The women's 100 metres at the 2019 World Athletics Championships was held at the Khalifa International Stadium in Doha, Qatar, on 28 to 29 September 2019.

==Summary==
This was the first major championships for Shelly-Ann Fraser-Pryce after giving birth and the maternity leave in 2017. Here, against the Olympic Champion Elaine Thompson and the defending champion Tori Bowie, Fraser-Pryce dominated the heats and the semi-finals.

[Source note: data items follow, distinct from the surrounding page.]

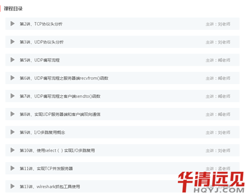 嵌入式應用開發的絕大部分項目都涉及到了網絡功能,有一個好的網絡編程功底,是從事Linux應用開發的基礎。華清遠見作為一個高端IT學習平臺,擁有多種方向的視頻學習教程,內容涵蓋嵌入式、物聯網、Java、HTML5等等。
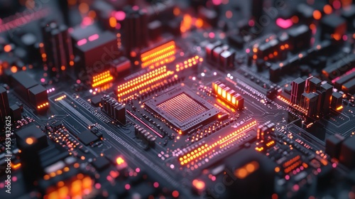 © Miftachul, Obraz premium Detailed close-up of a glowing circuit board
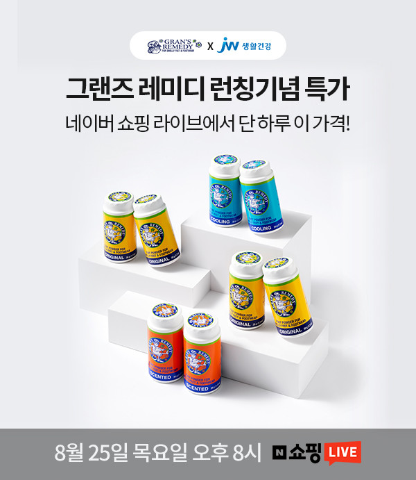 이번 네이버 쇼핑라이브는 오후 8시부터 한 시간 동안 진행되며, 신제품 그랜즈 레미디 35g 3종을 소개하고 정상가 19000원에서 최대 32% 할인한 12,900원에 판매한다. 이와 함께 오리지날(무향), 페퍼민트를 구매하는 고객에게는 피톤치드 스프레이 ‘포레스트샤워 휴대용’을 사은품으로 지급한다.
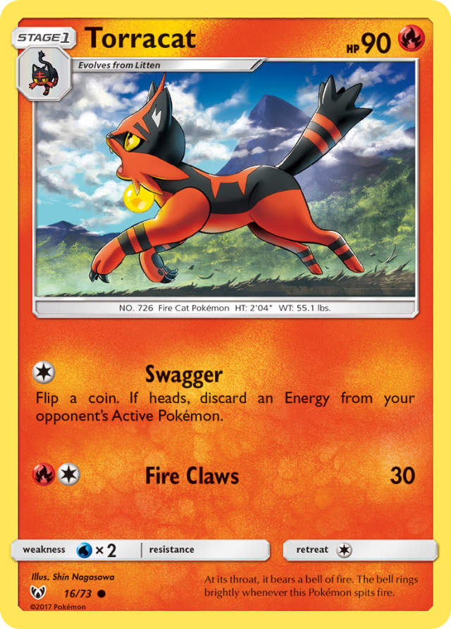 At its throat, it bears a bell of fire. The bell rings brightly whenever this Pokémon spits fire.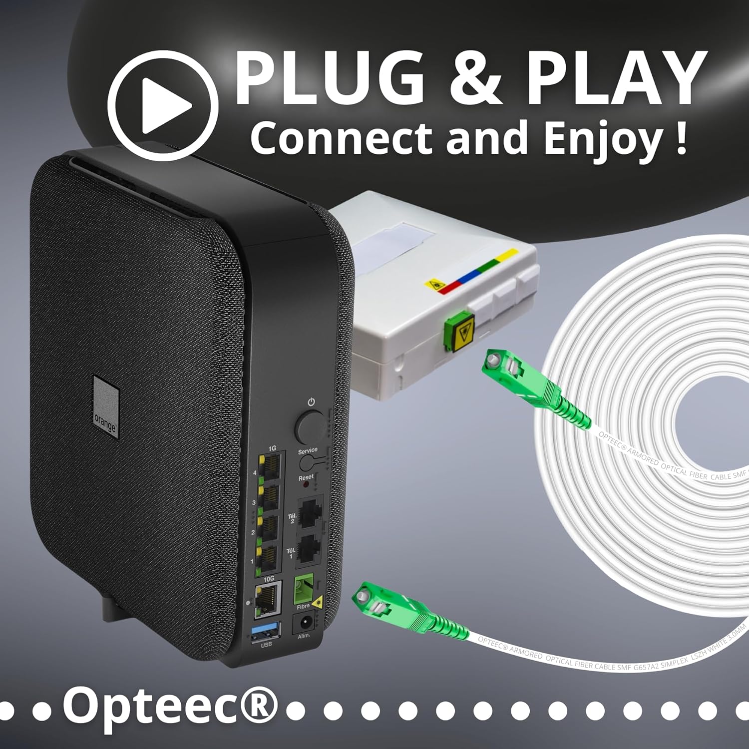 100% kompatybilności: współpracuje ze wszystkimi routerami internetowymi i urządzeniami kompatybilnymi z operatorami światłowodowymi ORANGE, SFR, Bouygues Telecom, Sosh, Red by SFR.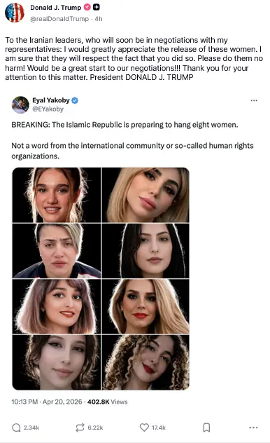 اس سے قبل صدر ٹرمپ نے اپنے سوشل میڈیا پلیٹ فارم سوشل ٹروتھ پر ایک اسرائیل کے حمایتی ایکٹوسٹ کی پوسٹ شیئر کرتے ہوئے ایرانی قیادت کے نام پیغام جاری کیا۔ اپنے بیان میں انہوں نے کہا کہ یہ ایران کے رہنماؤں کے نام، جو جلد ہی میرے نمائندوں کے ساتھ مذاکرات میں شامل ہونے والے ہیں، میں ان خواتین کی رہائی کو بہت سراہوں گا۔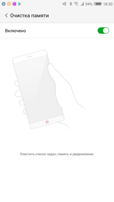 Несколько раз вверх/вниз пальцем по краю экрана - очистка памяти.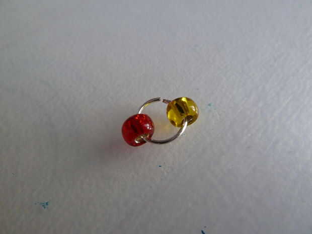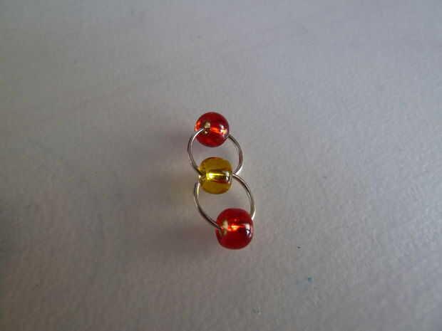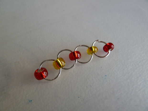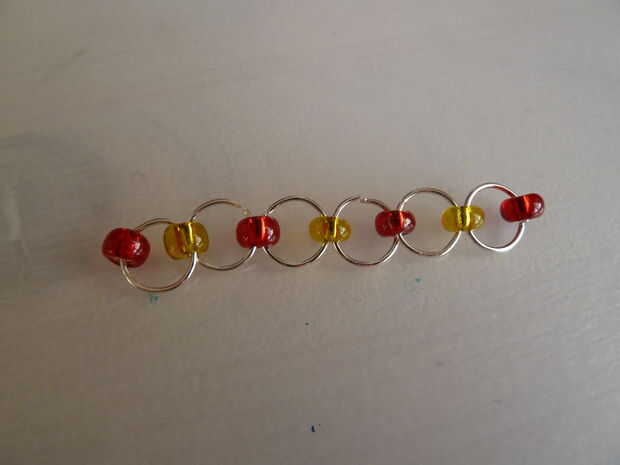 Tome uno de los anillos del salto que hizo último paso y abrirlo. Añadir dos granos, si utilizas dos colores de abalorios, uno de ambos colores. Cerrar el anillo del salto. Un segundo anillo del salto y añadir a uno de los granos. Mientras todavía está abierto, coloque una capa en el color correcto. Repetir esto para crear la pulsera. Terminé con 15 perlas.

In the final, she took the lead on the first step and pulled away to a dominating victory in a world-leading time of 10.71. While Marie-Josée Ta Lou was the next fastest out of the blocks, Dina Asher-Smith closed quickly to overtake Ta Lou for a clear silver medal, leaving the defending silver medalist with the bronze.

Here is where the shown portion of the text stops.